Frederick Joseph Lawton (November 11, 1900 – November 16, 1975) was an American bureaucrat who served as the ninth Director of the Bureau of the Budget. Lawton was born in Washington, D.C., and became a lawyer and an accountant. He spent most of his professional career working with the government bureaucracy. He helped President Franklin D. Roosevelt wager with members of Congress to support the Fair Labor Standards Act. He first joined the Office of Management and Budget as an executive assistant in 1935. He also served as an adviser to Congress. In 1947, he became an administrative assistant to President Harry S. Truman. He was appointed to the post of Director of the Bureau of the Budget in 1950, and held the position until 1953. President Dwight D. Eisenhower appointed Lawton to a term on the United States Civil Service Commission after he left the Bureau; he served from 1953 to 1963.

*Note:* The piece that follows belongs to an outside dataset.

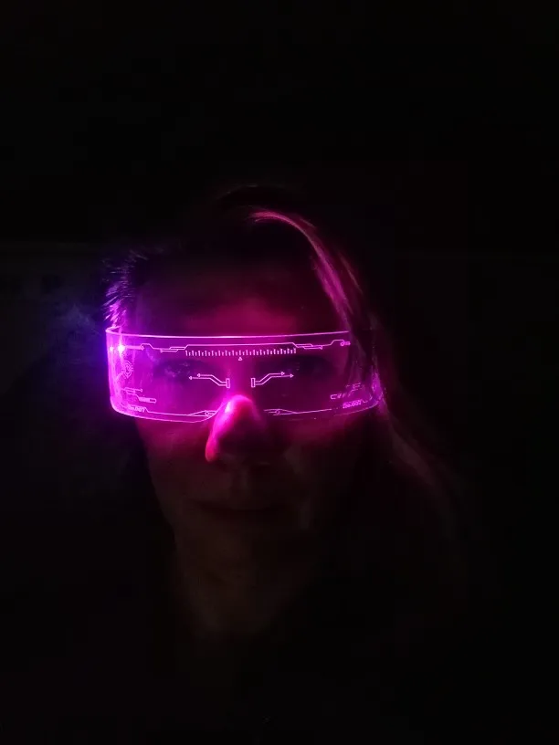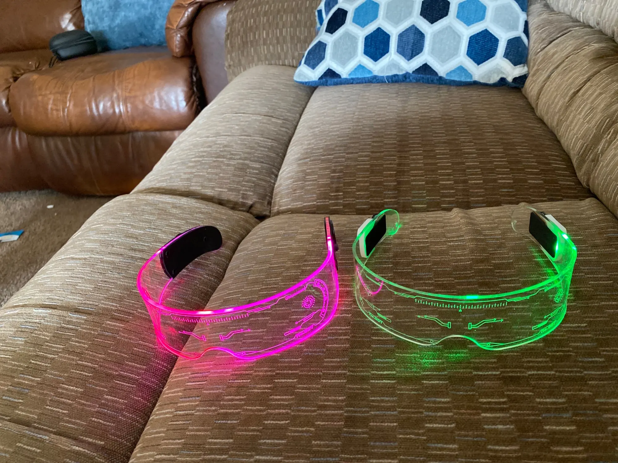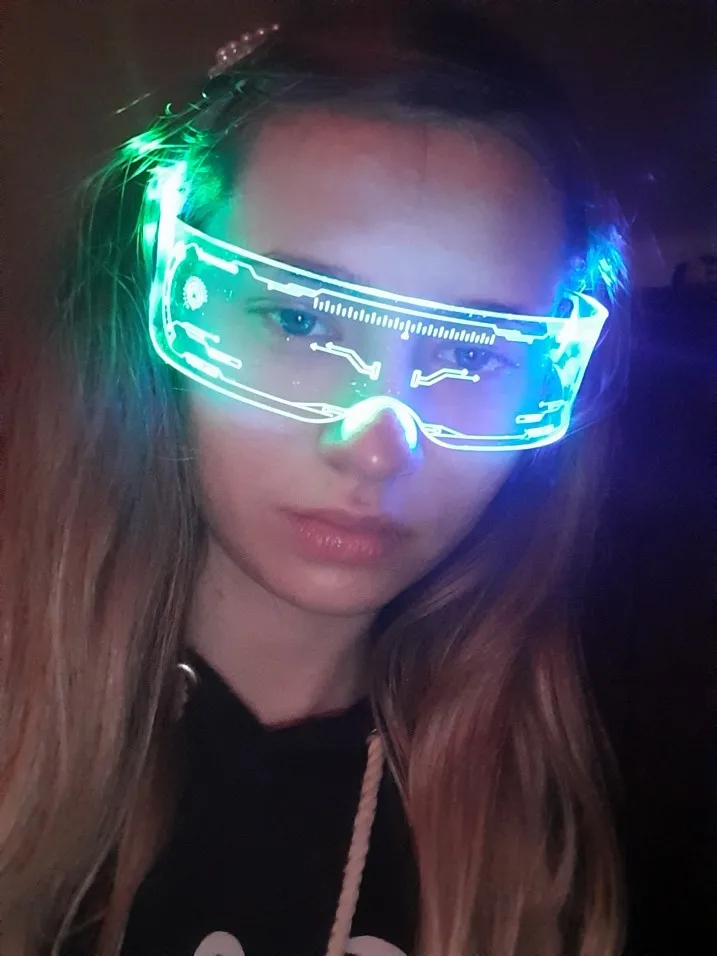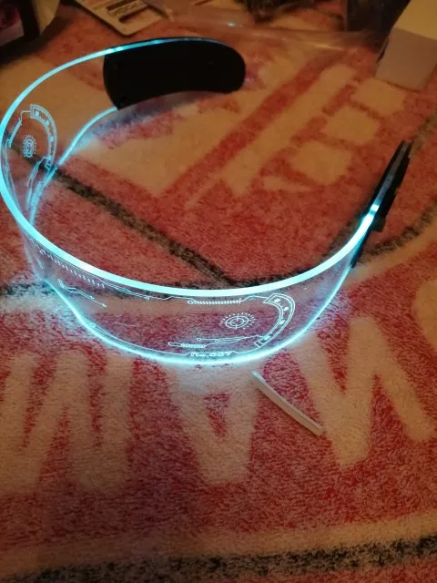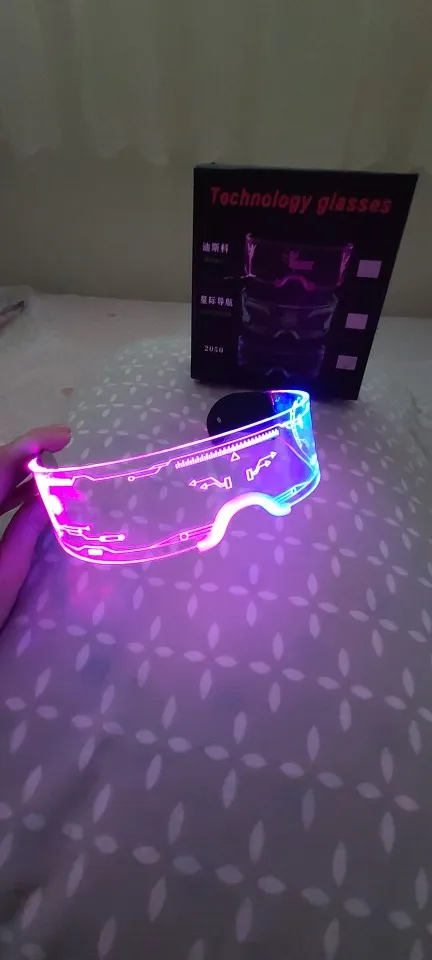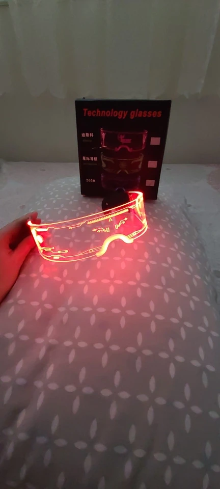 Очки приехали быстро. Была помята коробка, но качество очков - супер! Выглядят очень круто! Есть два отделения для батареек. Очки светятся очень ярко, можно переключить на разные режимы. Покупкой довольна, спасибо!!!

His economic policy consisted of making budget cuts among various departments of the federal government. One of his primary contributions was in helping to re-design the Bureau of Internal Revenue, action which led to the creation of the Internal Revenue Service. Lawton advocated a civil service, rather than a patronage system for tax agents. He opposed a number of plans in Congress, including a fair trade bill and attempts to decentralize the federal offices in Washington, D.C., to other areas of the country.

==Life==
Lawton was born in Washington, D.C., on November 11, 1900, and lived there throughout his life. He graduated from Georgetown University in 1920. Professionally, Lawton was a lawyer and an accountant. He was a registered Democrat for much of his life. He was married to the former Cecilia Walsh of Sussex County, New Jersey and had three children; Richard Lawton, an ARAMCO oil executive, Mary C. Lawton, Deputy Assistant Attorney General of the US and Kathleen Lawton Kenna, a Department of the Army senior executive Civilian Personnel Officer.

==Bureaucratic career==
President Franklin D. Roosevelt used Lawton to build support Fair Labor Standards Act in the United States Congress. Roosevelt instructed him to go to a hotel room, where Roosevelt would send various members of Congress to visit. Once there, Lawton was to put into the budget whatever pork barrel projects the Congressmen required in order to buy a supporting vote for the bill.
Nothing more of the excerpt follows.